Küresel krizin ardından İSEDAK ülkelerinin ihracatının dünyadaki
toplam ihracattan daha yüksek oranda artış gösterdiğini, birkaç
istisna dışında bütün İSEDAK ülkelerinin 2011’de büyüme oranlarının
dünya ortalaması olan yüzde 2,7’den daha yüksek düzeyde
gerçekleştiğini kaydeden Yılmaz, konuşmasını şöyle sürdürdü:
"Bölgemizde doğrudan yabancı yatırımların artırılmasına dönük
olarak teşvik edici bazı köklü reformları hayata geçirmemiz
elzemdir. Bu çerçevede, 29. İSEDAK Toplantısı Görüş Alışverişi
oturumunun konusunun ’İİT Üyesi Ülkelere Doğrudan Yabancı Sermaye
Yatırımlarının Akışının Artırılması’ olarak belirlenmiş olmasını
son derece isabetli bulduğumu belirtmek isterim. Yabancı yatırımlar
için uygun bir ortam oluşturduğunuz zaman kendi yatırımcınız için
de uygun bir ortam olur.
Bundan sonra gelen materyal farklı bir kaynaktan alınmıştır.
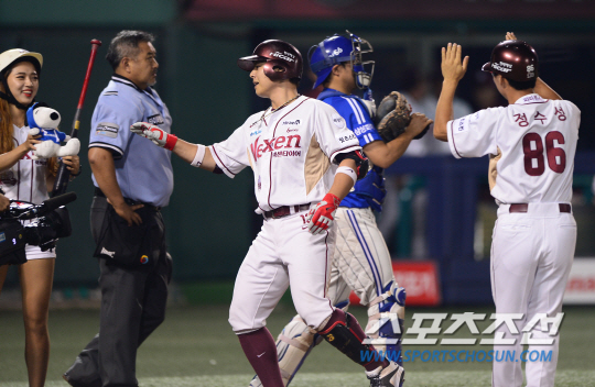 1일 목동구장에서 KBO리그 넥센과 삼성의 경기가 열렸다. 넥센 윤석민이 9회 2사 2루에서 삼성 임창용을 상대로 동점 투런홈런을 날렸다. 득점하고 있는 윤석민. 목동=송정헌 기자 songs@sportschosun.com
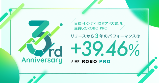 日経トレンディ(2023年2月号)で「ロボアド大賞」を受賞した、AI投資「ROBO PRO」は、サービスを開始してから2023年1月15日で3年が経過し、3年間の運用実績が+39.46%(※1)になったことをお知らせいたします。

Ülkelerimizdeki yatırım ortamını
iyileştirmek, hem iç yatırımcı açısından hem de dışarıdan gelecek
yatırımcı açısından çok daha elverişli bir ortam
oluşturmaktır."
İSEDAK BÖLGESİNDE YOKSULLUKLA MÜCADELE ALANINDA YÜRÜTÜLEN
PROGRAMLARI ÇOK ÖNEMLİ BULUYORUM
Yılmaz, üye ülkelerin ortak sorunları ve potansiyel işbirliği
alanları üzerinde tecrübe paylaşımı ve fikir teatisi konusunda
büyük katkıları olan bu çalışma gruplarının faal hale gelmesinden
ve mali işbirliği alanında son yıllarda ciddi gelişmeler olduğunu
görmekten büyük bir memnuniyet duyduğunu, bu nedenle İSEDAK çalışma
gruplarını önemsediğini ifade etti.
Yılmaz, İSEDAK bölgesinde yoksullukla mücadele alanında yürütülen
programları çok önemli bulduğunu kaydederek sözlerini şöyle
sürdürdü: "Bu çerçevede, İslam Kalkınma Bankası bünyesinde
oluşturulan Kalkınma İçin İslami Dayanışma Fonu ve Afrika’nın
Kalkınması İçin Özel Program ile İİT Pamuk Programı ve Mesleki
Eğitim Programı (OIC-VET) etkin şekilde değerlendirildiğinde üye
ülkelerde yoksulluğun azaltılması çabalarına önemli katkı
sağlayacak." İSEDAK bünyesinde gerçekleştirilen işbirliği program
ve projelerinin başarısı için üye ülkelerin aktif katılımının elzem
olduğuna dikkat çeken Yılmaz, bu açıdan Türkiye’nin İSEDAK
çalışmalarına verdiği desteği artırarak sürdüreceğini kaydetti.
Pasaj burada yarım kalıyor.